Exercise aim —
Set down the entries that follow exactly as written, leaving out any images.

Recorded data
____
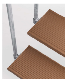
Trimax: hnědé nášlapy
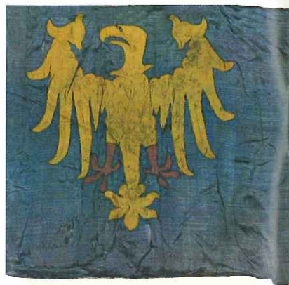
La bandiera dal patriarcato diventade la bandiera dal Friül. La bandiera del patriarca diventata la bandiera del Friuli.

Ai 3 di avrîl dal 1077 il patriarcato di Aquileia, Siart di Tengling, al ricêf a Pavia la investidure feudâl di bande di Indri IV, imperadôr todesc, che lu clame "Princeps Italiae et Imperii". In pratiche, in chel di al nas il Stât patriarcjâl furlan .
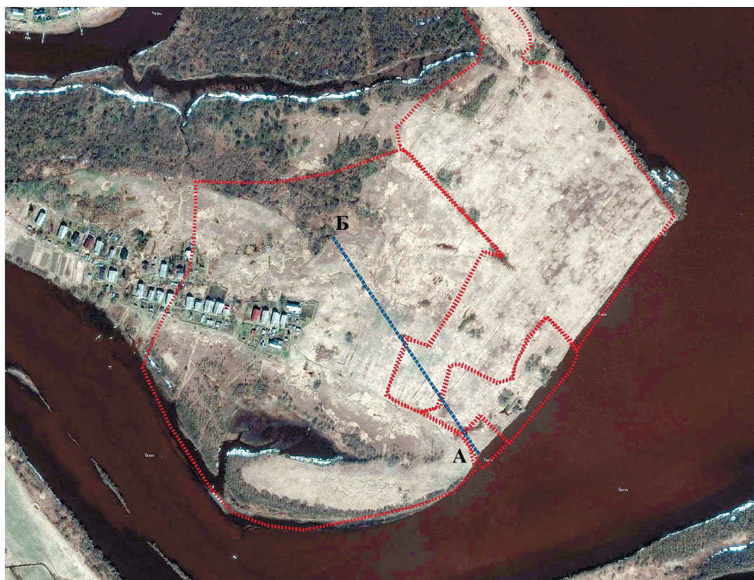
Рис. 1. Местоположение почвенно-геоморфологического профиля (линия А–Б) на космоснимке современного ландшафта вторичного луга. Контур угодий вычерчен на основе плана землепользования 1980-х годов. Масштаб: в 1 см 122 м

Результаты и обсуждение. Трансекта прошла через бывшие колхозные поля, частные огороды и не затронутые пахотой луговые участки (рис. 1). Площади частных огородов составляли 0,3–0,8 га, колхозных полей – до 20 га, при этом угодья были заброшены в разное время. Самый ранний участок залежи заброшен около 50 лет назад (в конце профиля у протоки) и в настоящее время представлен заочкаренной, заболоченной, заросшей ивой местностью в понижении рельефа. На остальной части трассы рельеф повышен, отличается перепадами микро- и нанорельефа в пределах 1 м. В почвенно-геоморфологическом профиле присутствуют естественные понижения и
____
Result of the task —
Trimax: hnědé nášlapy
La bandiera dal patriarcato diventade la bandiera dal Friül. La bandiera del patriarca diventata la bandiera del Friuli.

Ai 3 di avrîl dal 1077 il patriarcato di Aquileia, Siart di Tengling, al ricêf a Pavia la investidure feudâl di bande di Indri IV, imperadôr todesc, che lu clame "Princeps Italiae et Imperii". In pratiche, in chel di al nas il Stât patriarcjâl furlan .
Рис. 1. Местоположение почвенно-геоморфологического профиля (линия А–Б) на космоснимке современного ландшафта вторичного луга. Контур угодий вычерчен на основе плана землепользования 1980-х годов. Масштаб: в 1 см 122 м

Результаты и обсуждение. Трансекта прошла через бывшие колхозные поля, частные огороды и не затронутые пахотой луговые участки (рис. 1). Площади частных огородов составляли 0,3–0,8 га, колхозных полей – до 20 га, при этом угодья были заброшены в разное время. Самый ранний участок залежи заброшен около 50 лет назад (в конце профиля у протоки) и в настоящее время представлен заочкаренной, заболоченной, заросшей ивой местностью в понижении рельефа. На остальной части трассы рельеф повышен, отличается перепадами микро- и нанорельефа в пределах 1 м. В почвенно-геоморфологическом профиле присутствуют естественные понижения и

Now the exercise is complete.